Your task is to retype, exactly and only, the lines from the one containing "Blue Ethnic Gold Motif Silk Turquoise Tie" to the final line of the entries, leaving out all pictures.

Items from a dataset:
-.-.-
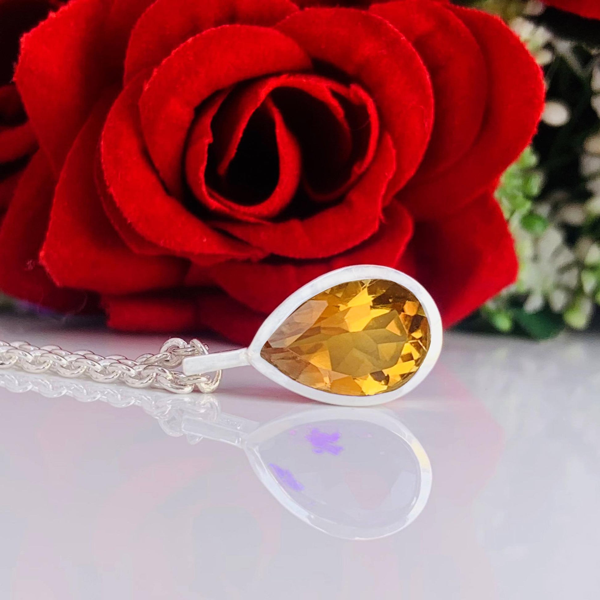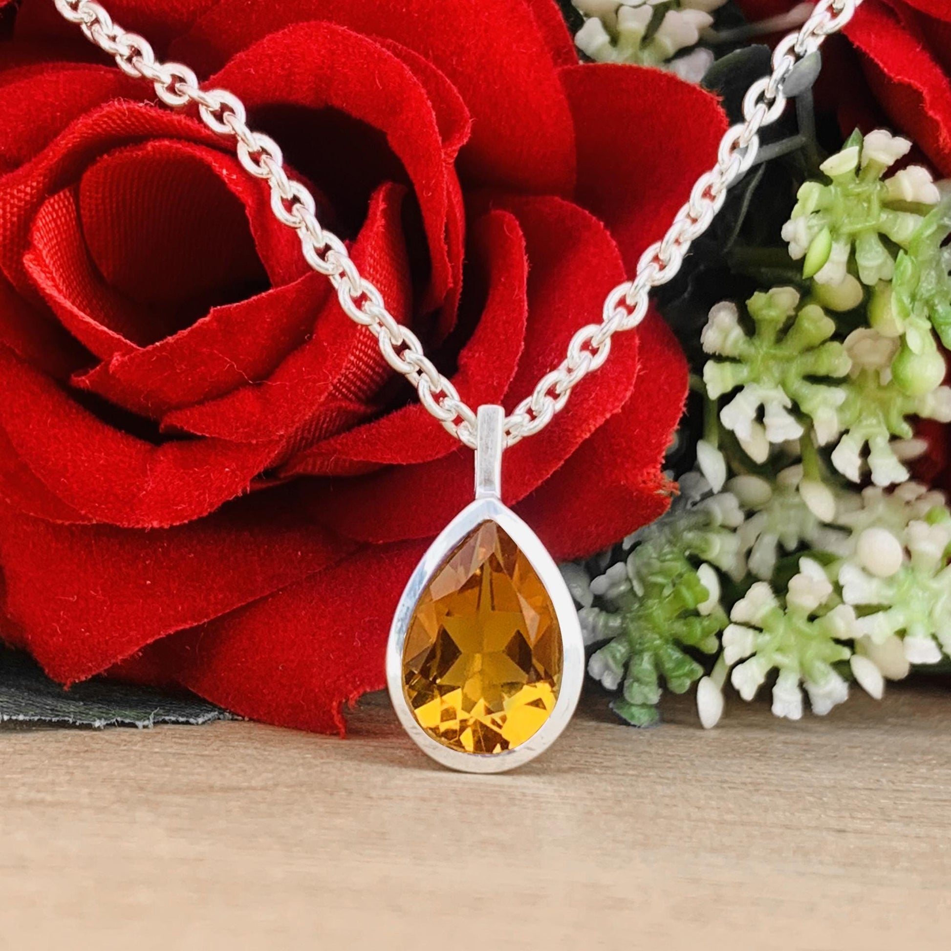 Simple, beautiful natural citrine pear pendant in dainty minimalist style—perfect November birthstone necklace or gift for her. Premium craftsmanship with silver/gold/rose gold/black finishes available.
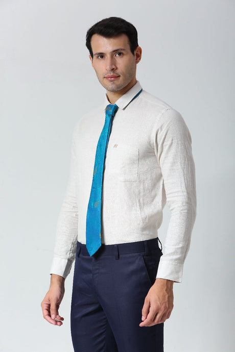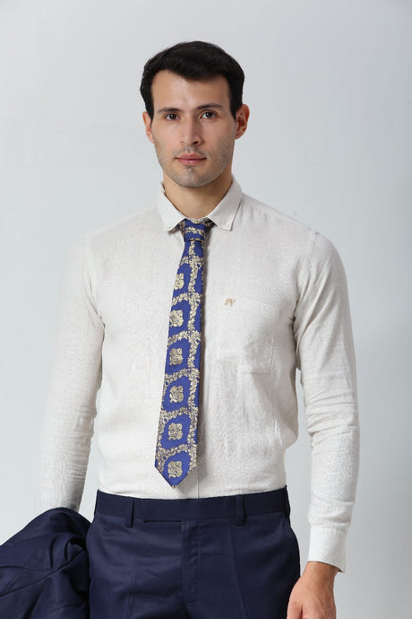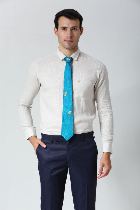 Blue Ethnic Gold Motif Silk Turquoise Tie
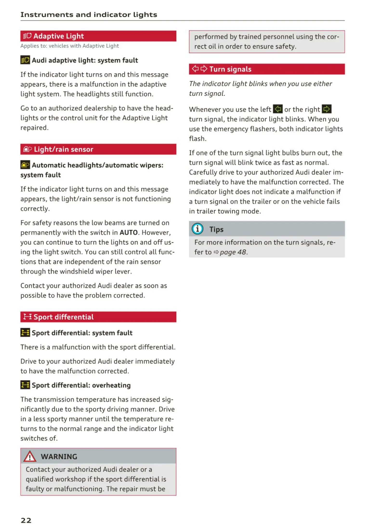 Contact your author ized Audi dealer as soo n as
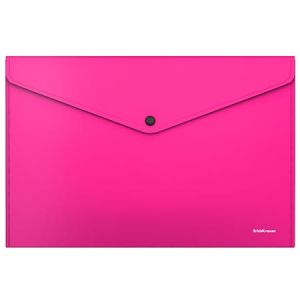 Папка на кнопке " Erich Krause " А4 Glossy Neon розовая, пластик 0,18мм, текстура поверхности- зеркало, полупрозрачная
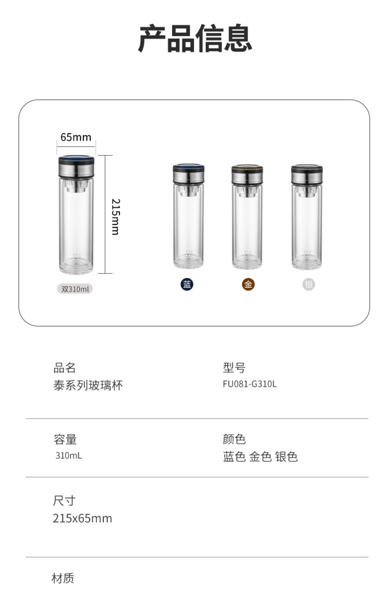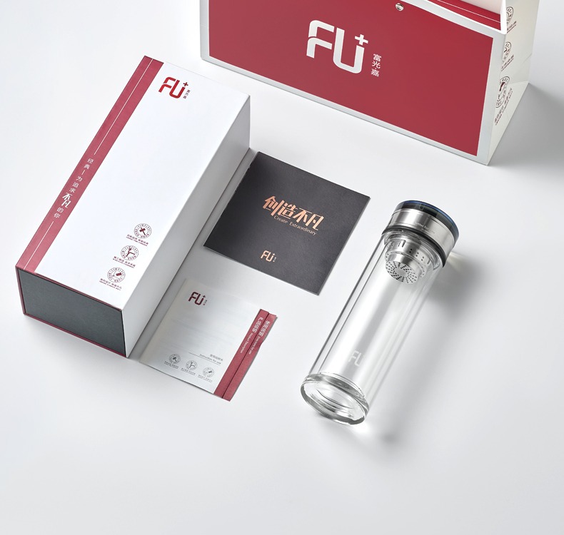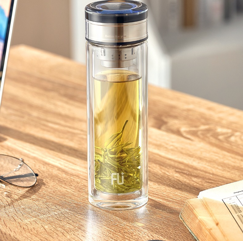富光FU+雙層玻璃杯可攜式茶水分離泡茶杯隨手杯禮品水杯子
-.-.-
→ TASK RESPONSE:
 Blue Ethnic Gold Motif Silk Turquoise Tie
 Contact your author ized Audi dealer as soo n as
 Папка на кнопке " Erich Krause " А4 Glossy Neon розовая, пластик 0,18мм, текстура поверхности- зеркало, полупрозрачная
富光FU+雙層玻璃杯可攜式茶水分離泡茶杯隨手杯禮品水杯子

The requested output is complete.